1. Read your balcony's sunlight first
Before buying anything, watch how much direct sun your balcony gets in a day. It decides what you can grow:
- 6+ hours of direct sun: vegetables, chillies, tomatoes, and most flowering plants.
- 3–5 hours: herbs (mint, coriander, basil), marigold, and many foliage plants.
- Mostly shade: money plant, snake plant, ferns, peace lily and other low-light indoor plants.
2. Choose the right planters
On a balcony, weight and drainage matter most. Lightweight UV-stabilised plastic planters are ideal — they survive harsh Indian sun, are easy to move, and won't crack like clay. Make sure every pot has drainage holes and a tray so water doesn't stain your floor.
Match the pot size to the plant: 6–8 inch for herbs and small plants, 10–12 inch for flowering plants and chillies, 14 inch+ for tomatoes, brinjal and larger plants. Railing planters and stack-pots are great for saving space.
3. Get the soil mix right
Don't use plain garden soil in pots — it gets hard and blocks drainage. Use a light potting mix: roughly 40% garden soil + 30% compost/vermicompost + 30% cocopeat.

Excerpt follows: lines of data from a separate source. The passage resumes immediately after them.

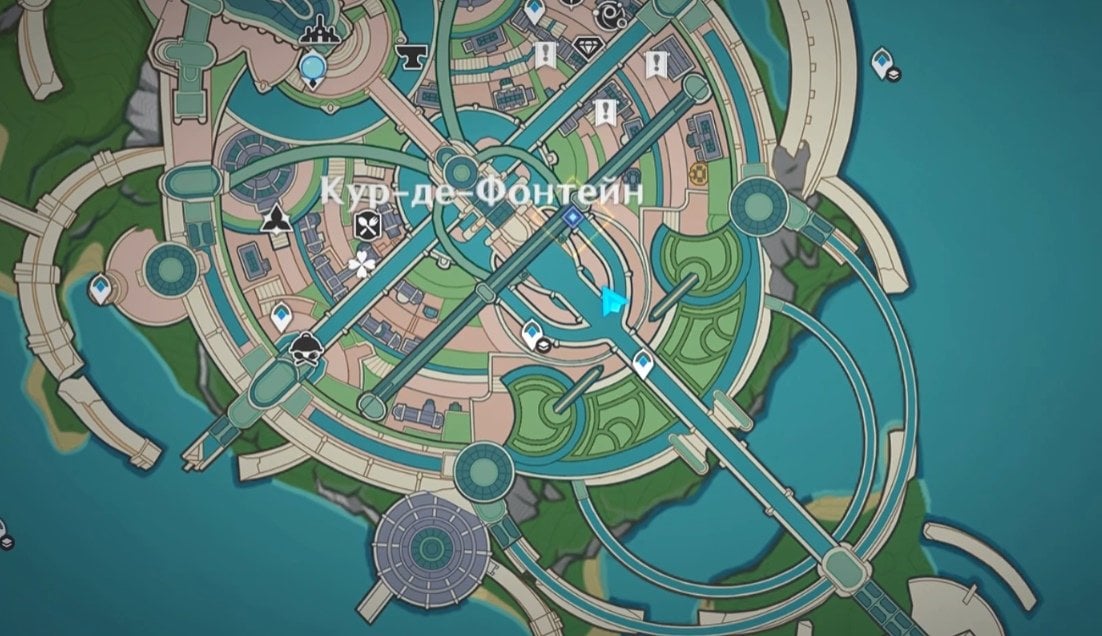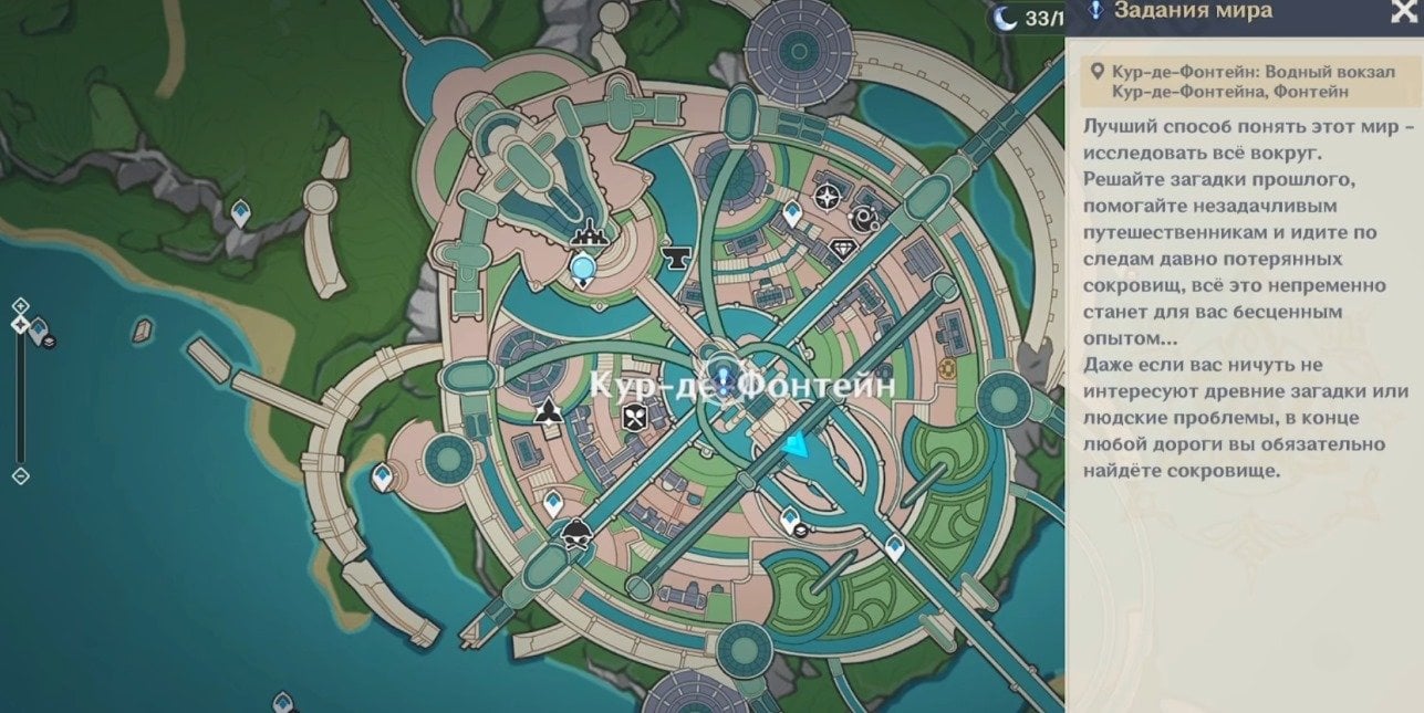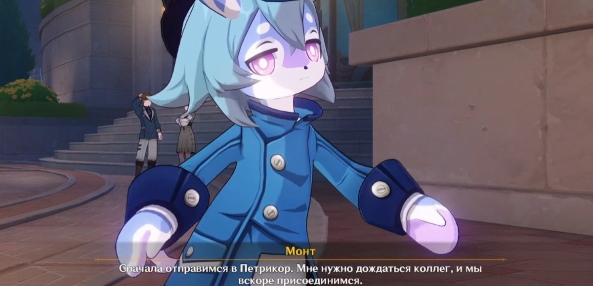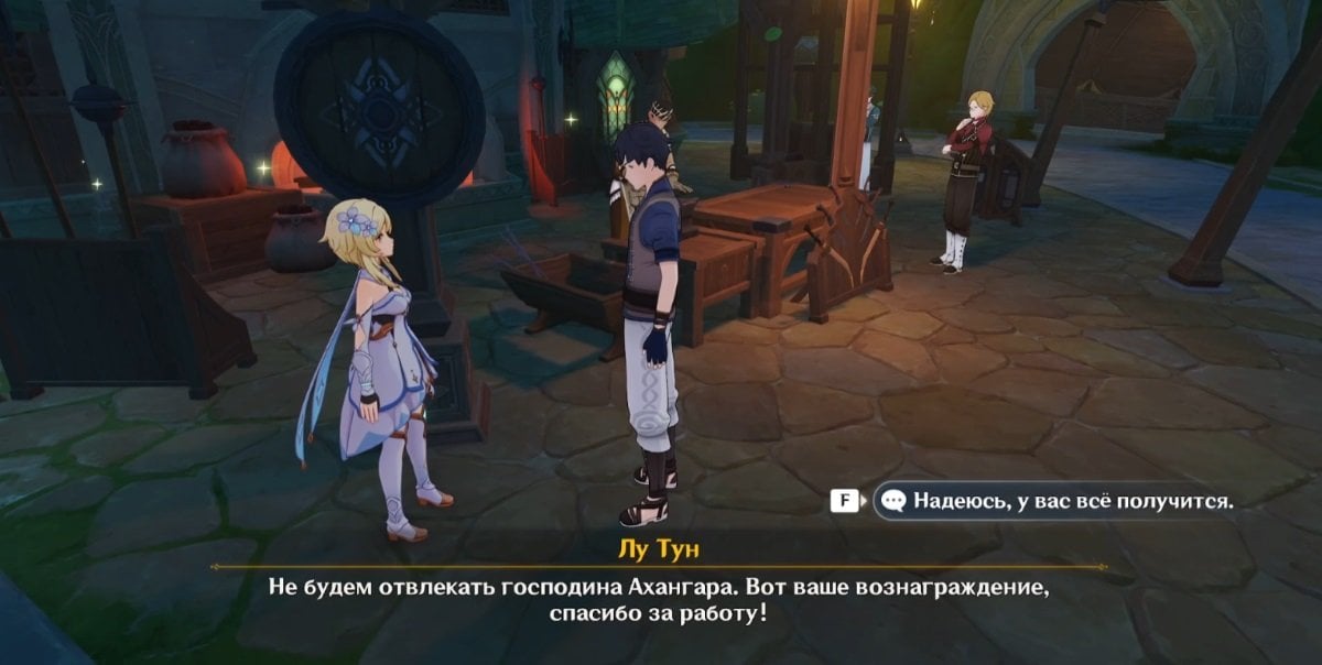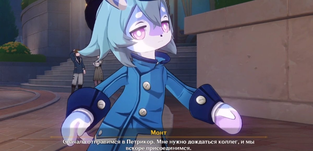 Когда все условия соблюдены, отправляйтесь в Кур‑де‑Фонтейн и идите ко входу на вокзал. Пройдите мимо фонтана, зайдите внутрь здания — слева вы увидите Гарсию и Лу Туна. Далее переместитесь к точке телепортации на северо‑востоке от Фонтана Люсин и двигайтесь в сторону оперного театра «Эпиклез».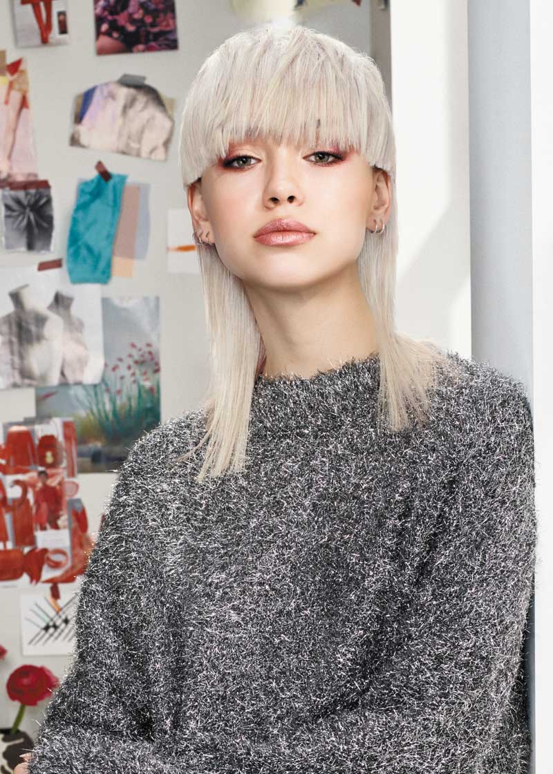 El corte mullet plantea una ruptura entre líneas horizontales y verticales al estilo glam. El tono satinado que parte de una base rubia, logra un acabado deslumbrante.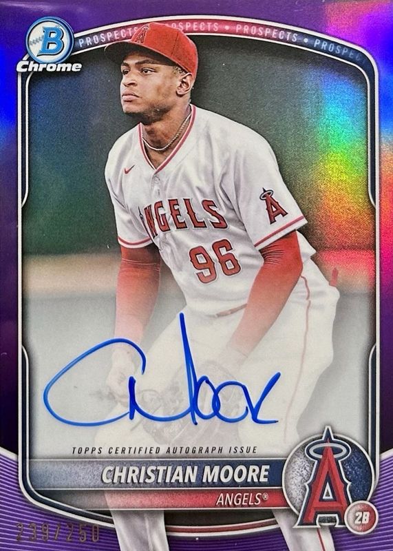 2025 Bowman Chrome Purple Auto /250 Christian Moore #CPA-CMO Angels RC

This holds moisture, feeds the plant, and drains well.
4. Start with easy, hard-to-kill plants
- Herbs: mint, coriander, curry leaf, basil — useful and forgiving.
- Veggies: chillies, tomatoes, spinach (palak), and lady finger if you get good sun.
- Flowers: marigold, hibiscus, portulaca — colourful and tough.
- Low effort/indoor: money plant, snake plant, aloe vera.
5. Water smart, not more
Most beginners over-water. Check the topsoil with a finger — water only when the top inch feels dry. In peak summer that may be daily; in monsoon, far less. Morning or evening watering is best so roots don't cook in midday heat.
Tip from Gardens Need: a balcony garden lives or dies on its pots. Quality planters with proper drainage and UV resistance last years and keep plants healthy — exactly what we design for at Gardens Need. Start with 4–5 good pots rather than many cheap ones.
Common beginner mistakes to avoid
- Pots with no drainage holes (roots rot).
- Wrong plant for the light (sun-lovers in shade won't flower).
- Plain heavy soil with no compost or cocopeat.
- Over-watering — the No. 1 plant killer.
Start small, watch what thrives on your balcony, and grow from there. Within a season you'll have a green, calming corner — and a few home-grown herbs to show for it.